In Situ Decorating Coordinatively Unsaturated Fe Sites for Boosting Water Oxidation Performance of TiO2 Photoanode

Kinetics play a critical role in the photoelectrochemical (PEC) system, whereas co-catalysis is mainly responsible for reducing the reaction barrier and facilitates water splitting. Here, the unsaturated Fe sites through the metal-organic framework (MOFs) structure promote the kinetics of water oxidation over TiO2 are successfully in situ decorated. This heterostructure further helps us to better understand the PEC behaviors of organic-inorganic hybrid systems.

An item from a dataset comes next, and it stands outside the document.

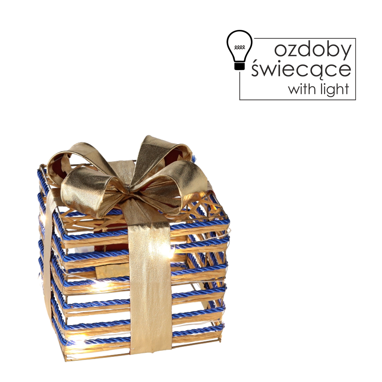 Tento svietiaci vianočný darček je štýlovým doplnkom, ktorý okamžite navodí sviatočnú náladu. Kombinácia zlatého lesku a sýtej modrej mašle pôsobí luxusne a zároveň jemne. Teplé biele LED diódy šetria energiu, pritom krásne presvietia štruktúru šnúrky a vytvoria útulnú zimnú atmosféru.

MIL-100(Fe), as the typical MOFs model, is facilely achieved by an FeOOH sacrificial template method, a strategy which could anchor the compact and ultrathin MIL-100(Fe) films on the surface of TiO2 to obtain abundant unsaturated Fe sites. The photocurrent density of MIL-100(Fe)/TiO2 reaches about 2.4 times at 1.23 V vs reversible hydrogen electrode (RHE) compared with bare TiO2, and the incident photon to current conversion efficiency value increases up to 47% (at 390 nm). Furthermore, the photocurrent density of MIL-100(Fe)/TiO2 is maintained at 84% after 3 h, showing that the organic component of MIL-100(Fe) takes a nature of favorable stability. The configuration of MIL-100(Fe)/TiO2 will bring a new insight for learning the basic function of unsaturated metal sites in the PEC system.